CHK1/2 inhibition has been extensively explored clinically in various cancer types but not yet in GB, likely because numerous CHK1/2i were discontinued before phase III, such as UCN-01 (7-hydroxystaurosporine), rabusertib (LY2603618) and MK-8776 (SCH 900776) [162,163,164,165,166,167,168]. AZD7762, for instance, showed severe cardiac toxicities in patients with advanced solid tumors (AST) [169]. Clinical trials are currently ongoing for CHK1-selective inhibitors CCT245737 (SRA737), GDC0575 (ARRY-575, RG7741), and the CDK1/2 inhibitor prexasertib (LY2606368). Prexasertib-related neutropenia has been identified as an adverse effect but warrants further development with clinical activity in ovarian cancer, squamous cell carcinoma, and advanced cancer types [170,171,172,173,174]. The CHK1i GDC-0425 or GDC-0575, given in combination with gemcitabine to solid tumor patients, both warrant further investigation [175,176].
CHK1i therapy of GB has remained in the preclinical setting.
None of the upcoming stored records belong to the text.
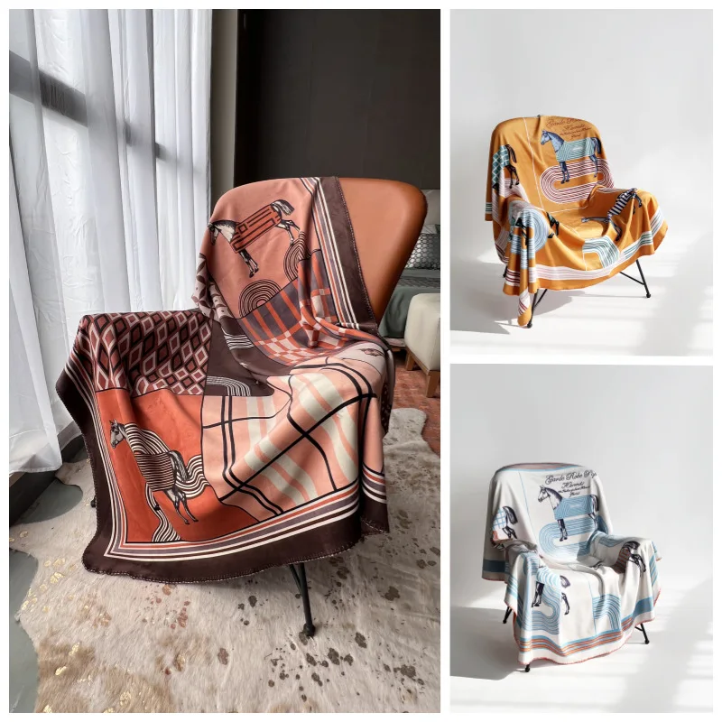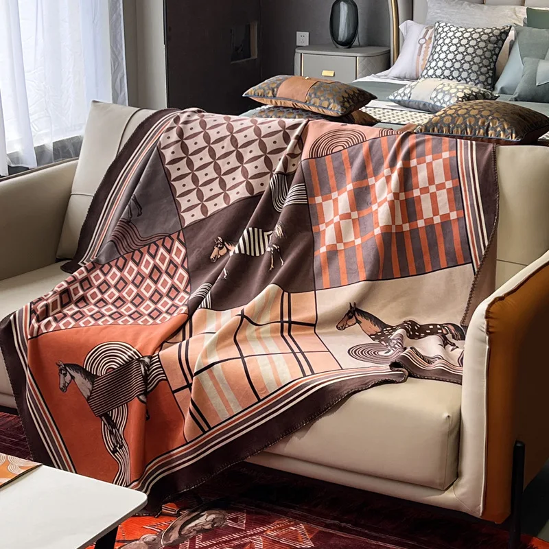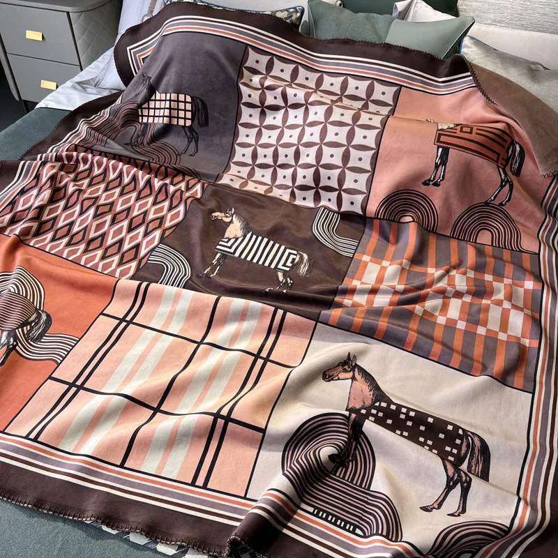 Light Luxury Fashion Printed Fleece Customized Double-layer Composite Four Seasons Use Casual Travel Blanket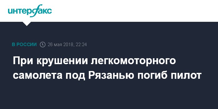 Москва. 26 мая. INTERFAX.RU - Легкомоторный самолет "Бекас" потерпел крушение под Рязанью, организована доследственная проверка, сообщает "Интерфаксу" представитель Московского Следственного управления на транспорте СК РФ Елена Марковская в субботу.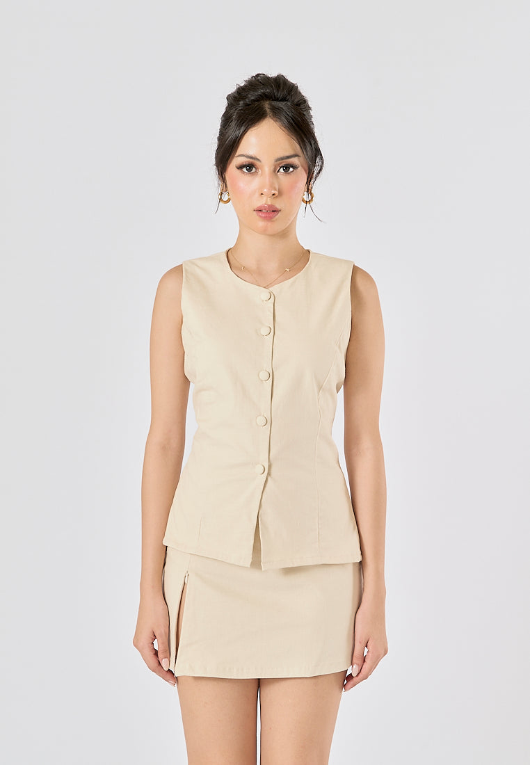 Halina Beige Single Breasted Button Closure Waistcoat Vest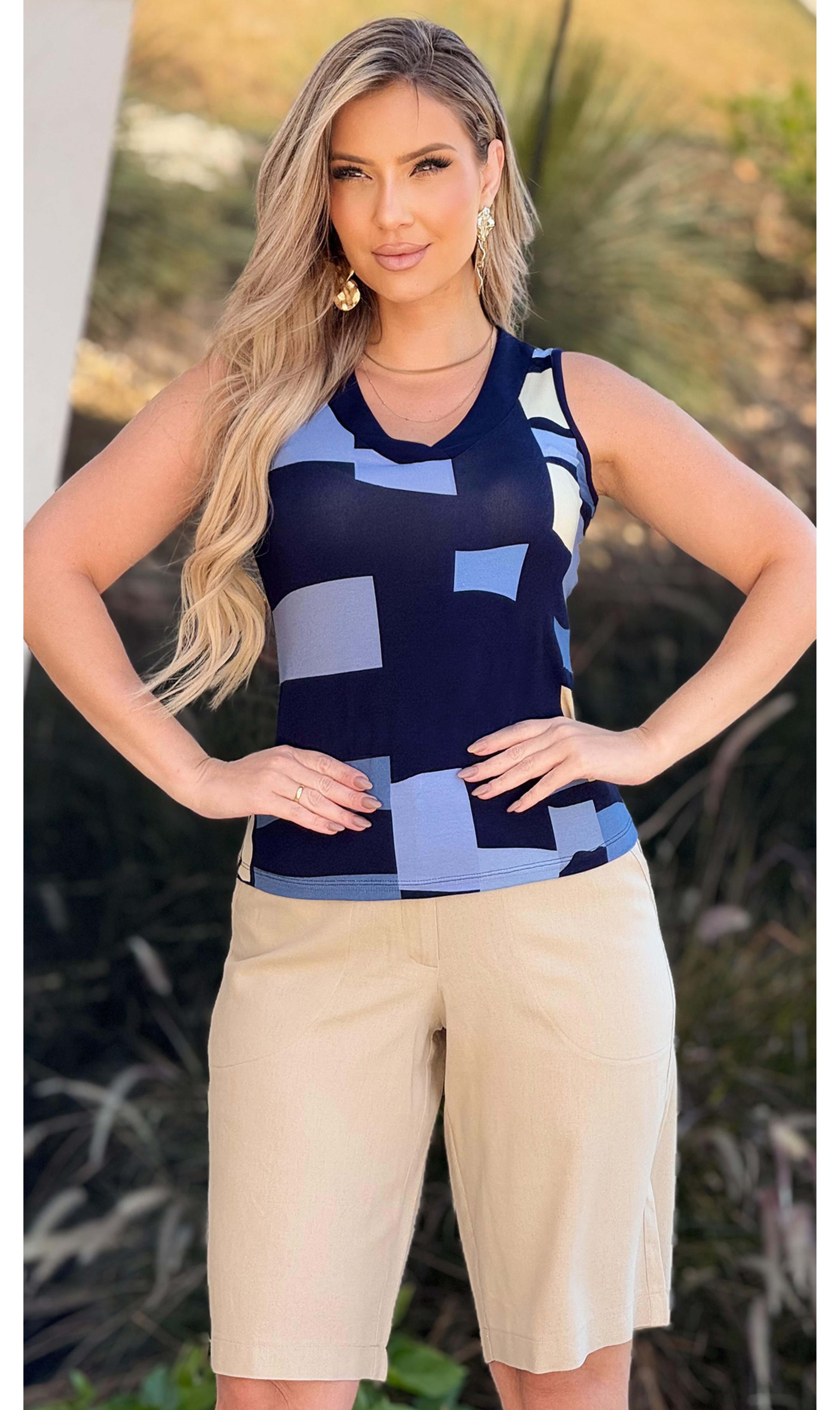 Blusa regata com estampa geométrica exclusiva Ramany. Decote V em tecido liso Azul. Peça toda confeccionada em malha e extremo conforto e um excelente caimento.

Treatment with gemcitabine and the CHK1i MK-8776 effectively permeated the BBB and inhibited glioma growth in vivo [177]. Moreover, UCN-01, although in itself non-toxic, increased the cytotoxicity of TMZ by five-fold in U87MG (p53 wild-type or deficient) glioma cells by accumulating the number of cells bypassing G2-M arrest and thereby undergoing mitotic catastrophe [178]. UCN-01 also inhibited GSC growth in vitro, and AZD7762 radiosensitized p53-mutated GB cell lines (confirmed in GB in vivo models) [179,180,181]. SAR-020106 sensitized human GB cells to RT, TMZ, and decitabine treatment [182]. The impact of CHK1 inhibition on GB cells was also studied using SB18078 and PF477736, confirming an influence on colony and tumor sphere formation, as well as cell proliferation. Khanna et al. also confirmed that CHK1 acts via protein phosphatase 2A in promoting GB cell growth [183]. Unfortunately, in AST, a phase I study on PF477736 combined with gemcitabine was terminated due to business reasons (NCT00437203) [29]. Interestingly, targeting the CHK1 gene in GSCs, using, for example, lentivirus-delivered short hairpin RNA (shRNA), also showed the potential to increase radiosensitivity via apoptosis induction [184].
Less research is performed on CHK2i in GB. It should be noted that while knockdown of CHK1 expression enhanced radiosensitivity of human GSCs, this was not the case upon CHK2 inhibition [184]. TMZ-induced cell death was also more prominently enhanced by pharmacologic inhibition of CHK1 compared to CHK2 inhibition [128]. However, the CHK2i PV1019 radiosensitized U251 glioma cells [12,185]. As an alternative to CHK1/2 inhibition, inhibition of their downstream targets CDK1/2 or Cdc25A protein phosphatase has been studied [186]. In our opinion, the multi-targeted MAPK inhibitor MEK162, which also inhibits CDK1/CDK2/WEE1/p-ATM besides CHK2, should be further explored since it downregulated and radiosensitized spheroidal and orthotopic GB xenografts [15].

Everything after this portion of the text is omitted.